Quoting at length from PCWorld:

The bots receive marching orders from online command and control (C&C) servers, but those servers are the botnet’s Achilles’ heel: Isolate them, and the undirected bots will sit idle. Mega-D’s controllers used a far-flung array of C&C servers, however, and every bot in its army had been assigned a list of additional destinations to try if it couldn’t reach its primary command server. So taking down Mega-D would require a carefully coordinated attack.

Mushtaq’s team first contacted Internet service providers that unwittingly hosted Mega-D control servers; his research showed that most of the servers were based in the United States, with one in Turkey and another in Israel.

The FireEye group received positive responses except from the overseas ISPs. The domestic C&C servers went down.

Next, Mushtaq and company contacted domain-name registrars holding records for the domain names that Mega-D used for its control servers. The registrars collaborated with FireEye to point Mega-D’s existing domain names to no where. By cutting off the botnet’s pool of domain names, the antibotnet operatives ensured that bots could not reach Mega-D-affiliated servers that the overseas ISPs had declined to take down.

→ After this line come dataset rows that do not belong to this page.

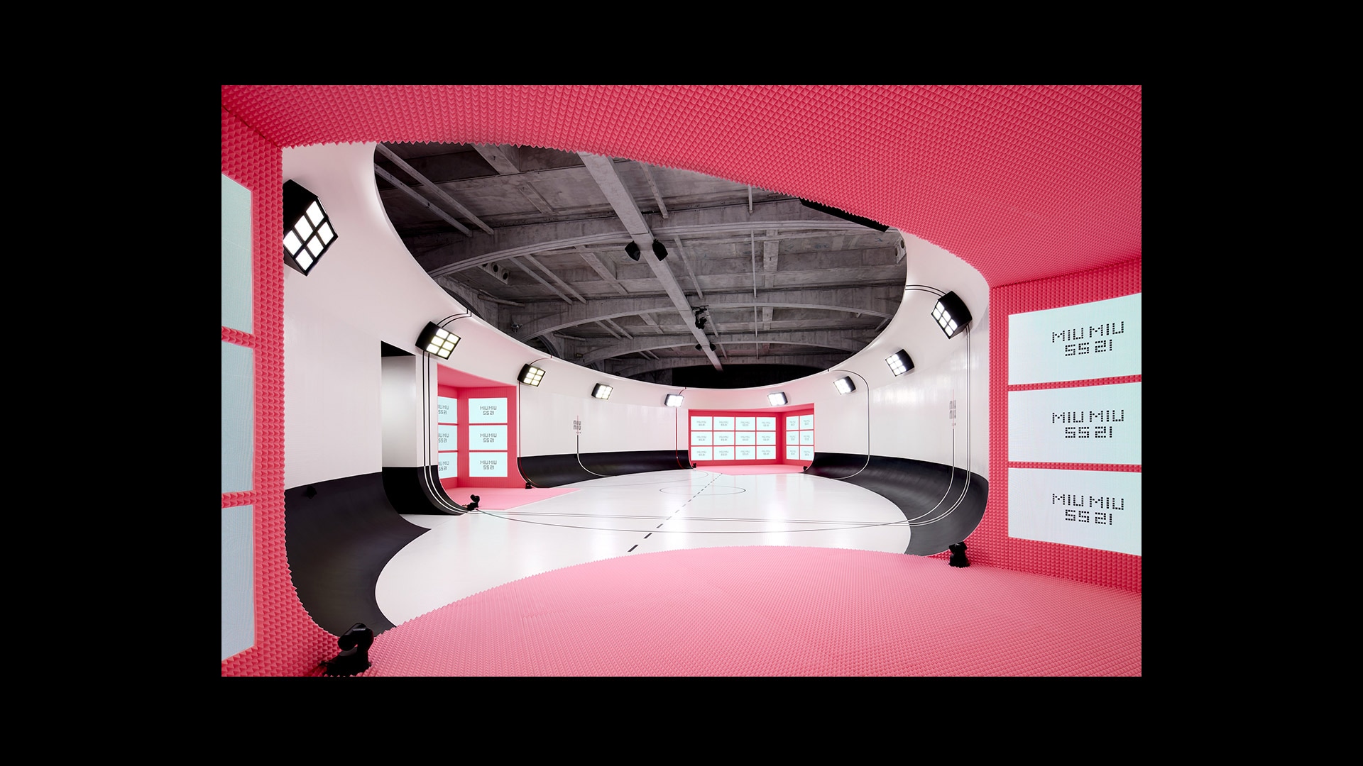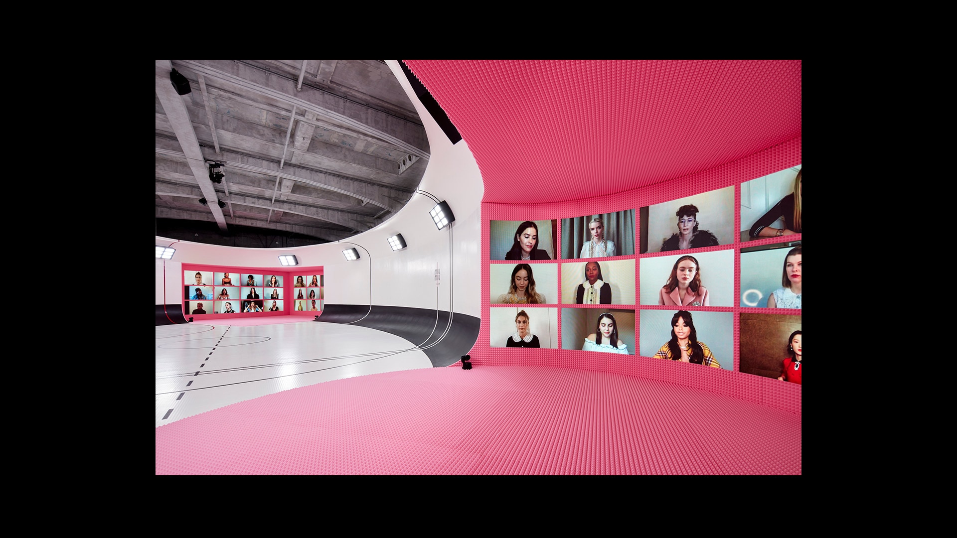 Milan, 6 October 2020 - The stage for the Miu Miu show is an ampitheater - a ‘sports palace’ re-imagined by AMO, dubbed the Miu Miu Club and experienced digitally by a specially-invited audience. Bright pink acoustic foam cossets phalanxes of video-screens displaying communities of Miu Miu women, gathered around the world. As with sport, fashion requires spectators - not the passive and unseen, but the active and interactive. They are performative phenomena, where an audience is necessary. Broadcast to the auditorium, the audience’s reactions create an unescapable rendezvous with the models.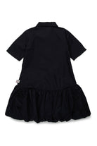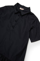 Short dress with logo and wide ruffle. The design features a classic collar and partial button placket, and is made from lightweight cotton poplin.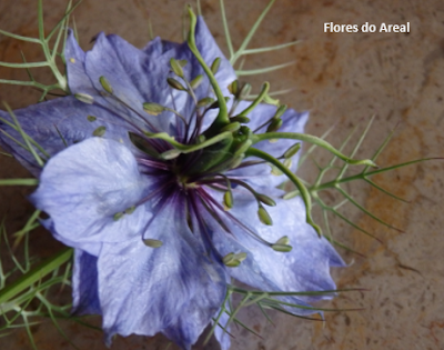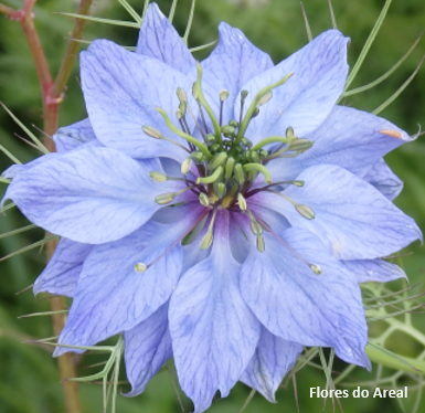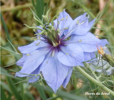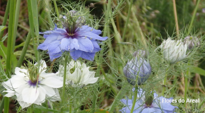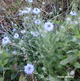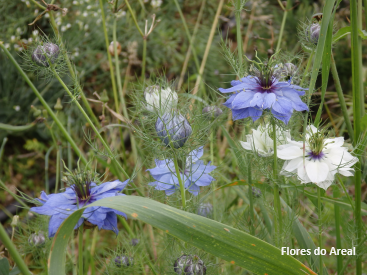 Nigella damascena é uma fascinante espécie anual que cresce de forma espontânea em campos cultivados, searas e pomares, terrenos baldios e beira dos caminhos, em solos pedregosos ou remexidos.

Finally, FireEye and the registrars worked to claim spare domain names that Mega-D’s controllers listed in the bots’ programming. The controllers intended to register and use one or more of the spare do mains if the existing domains went down–so FireEye picked them up and pointed them to “sinkholes” (servers it had set up to sit quietly and log efforts by Mega-D bots to check in for orders). Using those logs, FireEye estimated that the botnet consisted of about 250,000 Mega-D-infected computers.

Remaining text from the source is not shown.